Number of ways = 4C3*3! * 3C1 = 4*6*3 = 72

IMO D

Selecting 2 Balls which will be put in 1 Box- 4C2 & Selecting that 1 Box- 3C1. Other 2 Balls will be put in 2 Boxes in 2 ways
Hence no of ways in which 4 balls will be put in 3 boxes are - 4C2 * 3C1 * 2 = 36

Given are four balls and the three boxes which are all different.

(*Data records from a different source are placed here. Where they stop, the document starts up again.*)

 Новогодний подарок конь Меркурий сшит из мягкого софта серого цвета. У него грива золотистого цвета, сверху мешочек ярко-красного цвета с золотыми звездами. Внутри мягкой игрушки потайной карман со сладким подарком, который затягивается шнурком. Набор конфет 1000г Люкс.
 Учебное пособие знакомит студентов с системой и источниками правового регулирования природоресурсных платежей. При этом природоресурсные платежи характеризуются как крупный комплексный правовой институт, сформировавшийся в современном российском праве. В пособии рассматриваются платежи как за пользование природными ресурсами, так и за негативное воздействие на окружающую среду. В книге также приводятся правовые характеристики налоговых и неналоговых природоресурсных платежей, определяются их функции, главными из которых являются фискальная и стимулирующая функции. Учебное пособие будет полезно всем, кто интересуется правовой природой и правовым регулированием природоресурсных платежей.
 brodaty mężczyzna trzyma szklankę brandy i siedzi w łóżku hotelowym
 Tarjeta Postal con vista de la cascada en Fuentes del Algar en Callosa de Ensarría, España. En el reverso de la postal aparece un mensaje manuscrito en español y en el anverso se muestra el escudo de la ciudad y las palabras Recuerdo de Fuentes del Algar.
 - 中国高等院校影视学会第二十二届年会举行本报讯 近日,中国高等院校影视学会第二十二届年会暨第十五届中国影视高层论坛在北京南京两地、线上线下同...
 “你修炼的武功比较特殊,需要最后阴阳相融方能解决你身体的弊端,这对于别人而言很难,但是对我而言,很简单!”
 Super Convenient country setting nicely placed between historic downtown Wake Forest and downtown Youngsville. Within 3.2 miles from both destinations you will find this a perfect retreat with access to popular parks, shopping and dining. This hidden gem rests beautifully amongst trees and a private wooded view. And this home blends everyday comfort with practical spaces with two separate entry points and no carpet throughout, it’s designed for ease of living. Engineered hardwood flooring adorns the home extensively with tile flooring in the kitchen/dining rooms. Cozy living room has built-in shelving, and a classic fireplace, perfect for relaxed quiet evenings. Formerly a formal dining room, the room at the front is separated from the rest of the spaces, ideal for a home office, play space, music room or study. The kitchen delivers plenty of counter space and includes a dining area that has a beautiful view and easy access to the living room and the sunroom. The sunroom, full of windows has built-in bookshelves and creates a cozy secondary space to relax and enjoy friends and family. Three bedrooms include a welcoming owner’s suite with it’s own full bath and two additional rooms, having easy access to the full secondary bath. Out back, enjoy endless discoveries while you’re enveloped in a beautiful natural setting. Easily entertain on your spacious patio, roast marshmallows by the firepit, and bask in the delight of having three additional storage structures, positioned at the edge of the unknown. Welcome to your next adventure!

You take the first box and add the first ball. Gives you four possibilities. For the second ball you have three possibilities. Now the two remaining balls have to be put in the remaining two boxes. => This gives you 4*3*1*1 = 12 possibilities. As the boxes are individual each box could hold two balls. So you multiply by three. Giving you the total of 36 possibilities.

Solution:

Since no box must be empty and no ball will be left out, one box will contain two balls and two boxes will contain one ball each.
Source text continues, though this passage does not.